ALTINCI BÖLÜM SUYUN İZİNDE: AKARSULAR VE VADİLER
Bilecik’in doğal zenginlikleri arasında akarsular ve vadiler önemli bir yer tutar. Sakarya Nehri’ne karışan kollar, bölgenin yaşam damarlarını oluşturur. Bu vadiler, hem tarımsal üretime hem de doğal yaşamın devamına katkı sağlar.
YEDİNCİ BÖLÜM YAYLALAR VE KIRSAL YAŞAM
Bilecik yaylaları, geleneksel yaşam biçiminin hâlâ sürdüğü alanlardır. Yaz aylarında hayvancılıkla geçimini sağlayan aileler, bu yaylalarda doğayla iç içe bir yaşam sürer. Yayla kültürü, Bilecik’in doğal mirasının önemli bir parçasıdır.

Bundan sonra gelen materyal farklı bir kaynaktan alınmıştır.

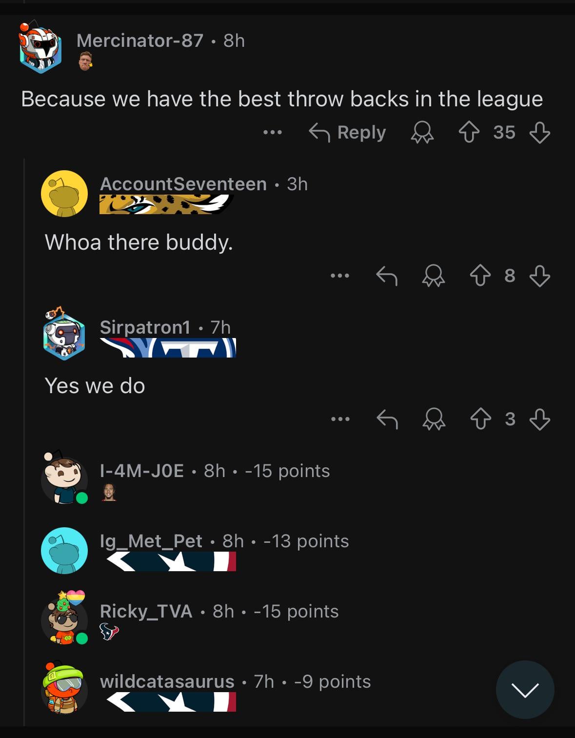 I mean, Houstons throwbacks aren’t bad, like if they go with the red ones from the JJ Watt era, but like if you’re going with their original designs frim like the 03-10 era as the throwback, they kinda suck. I get that it’s the TX flag colors, but it doesn’t look good as a uniform

SEKİZİNCİ BÖLÜM BİYOLOJİK ÇEŞİTLİLİK: GÖRÜNMEYEN ZENGİNLİK
Bilecik’in ormanları, birçok yaban hayvanına ev sahipliği yapar. Kuş türleri, memeliler ve endemik bitkiler, bölgenin biyolojik çeşitliliğini oluşturur. Bu çeşitlilik, ekosistemin sağlıklı işlediğinin en önemli göstergesidir.

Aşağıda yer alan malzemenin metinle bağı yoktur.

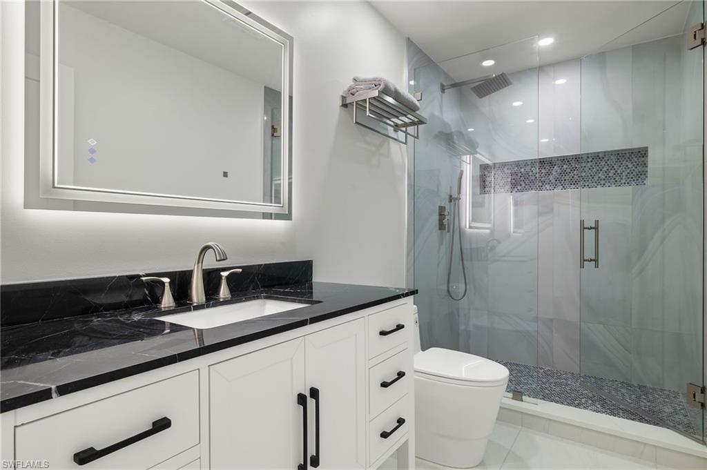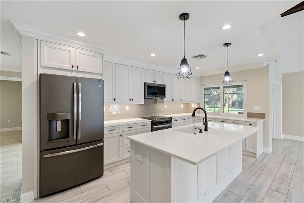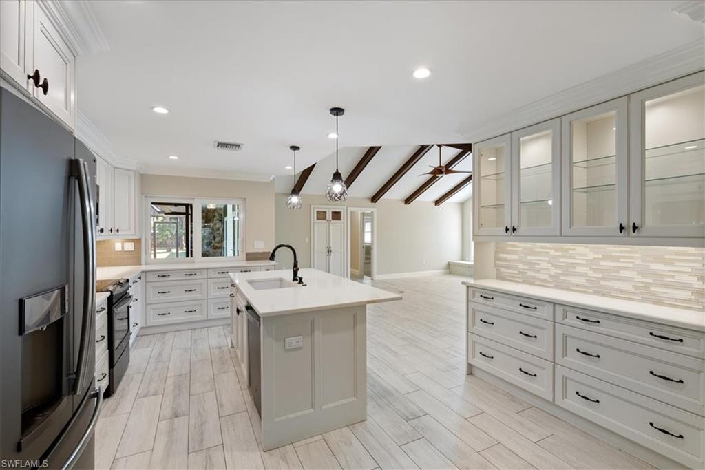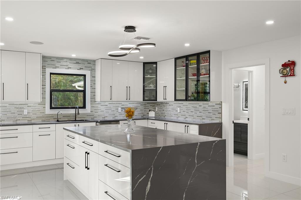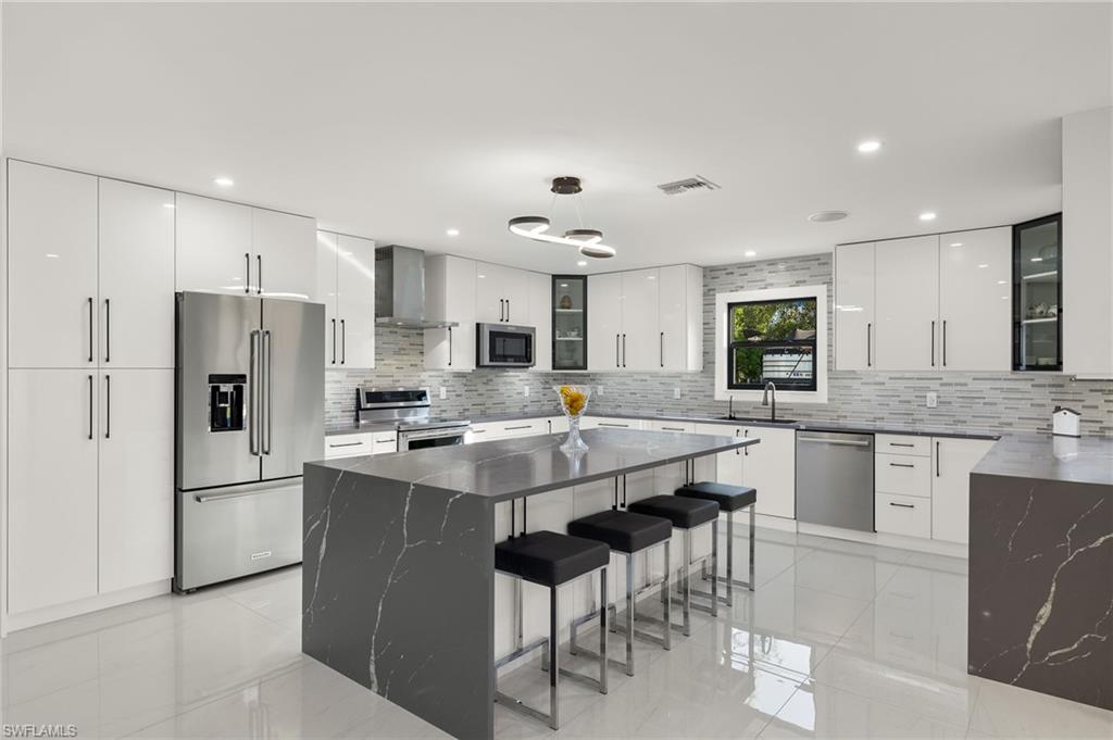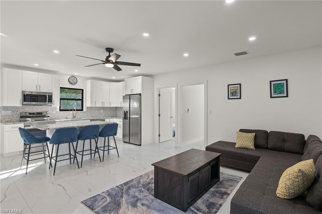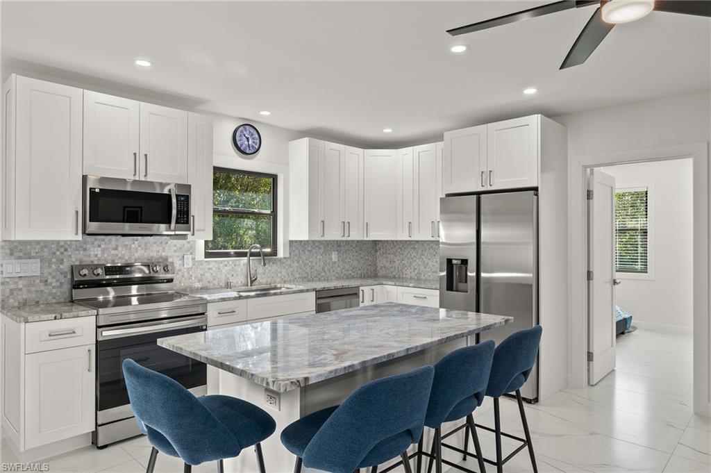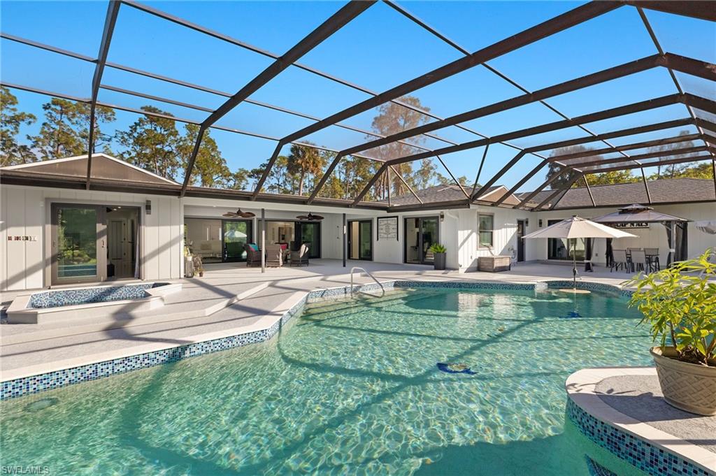 Introducing this newly renovated property on nearly an acre, located in one of Naples’ most desirable neighborhoods. This home offers a perfect blend of comfort, convenience, and Florida living. Upon entering, you are greeted by a bright and spacious floor plan boasting an open-concept design, ideal for modern living. This estate features 2,187 sqft, 3 bedrooms + a den, 3 full baths, including a spacious primary bedroom suite. The gourmet chef’s kitchen is thoughtfully appointed with a stainless-steel appliance package, quartz countertops, all flowing seamlessly into the living and dining areas. Stepping out back into your private oasis, this property comes complete with a fully screened-in lanai, pool, spa, and a variety of fruit trees and lush greenery. Continuing outside, the guest house provides an additional 700 sqft, 2 bedrooms, and a full bath. Perfect for entertaining, the outdoor space is a fantastic spot to unwind and bask in the beautiful Florida weather. This beautiful home showcases rolling natural light, which enhances the bright and wide-open feeling throughout. Located only a few short miles from Naples' world-famous beaches, shopping and dining. Easily accessible to I-75 for the commuters. No HOA! Nearby a highly regarded private school: Seacrest County Day School.

DOKUZUNCU BÖLÜM DOĞA TURİZMİ VE SÜRDÜRÜLEBİLİRLİK
Son yıllarda Bilecik’te doğa turizmine yönelik ilgi artmaktadır. Ancak bu ilgi, beraberinde koruma sorumluluğunu da getirir. Doğal alanların gelecek kuşaklara aktarılması için sürdürülebilir turizm anlayışı büyük önem taşımaktadır.
ONUNCU BÖLÜM DOĞAYLA YAŞAMAK: BİLECİK’İN GELECEĞİ
Bilecik, doğasıyla var olan bir şehir olarak geleceğini de bu miras üzerine kurmak zorundadır. Doğayla uyumlu yaşam, sadece bugünün değil yarının da temel ihtiyacıdır.
Bilecik’te dört mevsim doğa, yalnızca bir manzara değil; bir yaşam biçimidir. Her mevsim ayrı bir hikâye anlatır.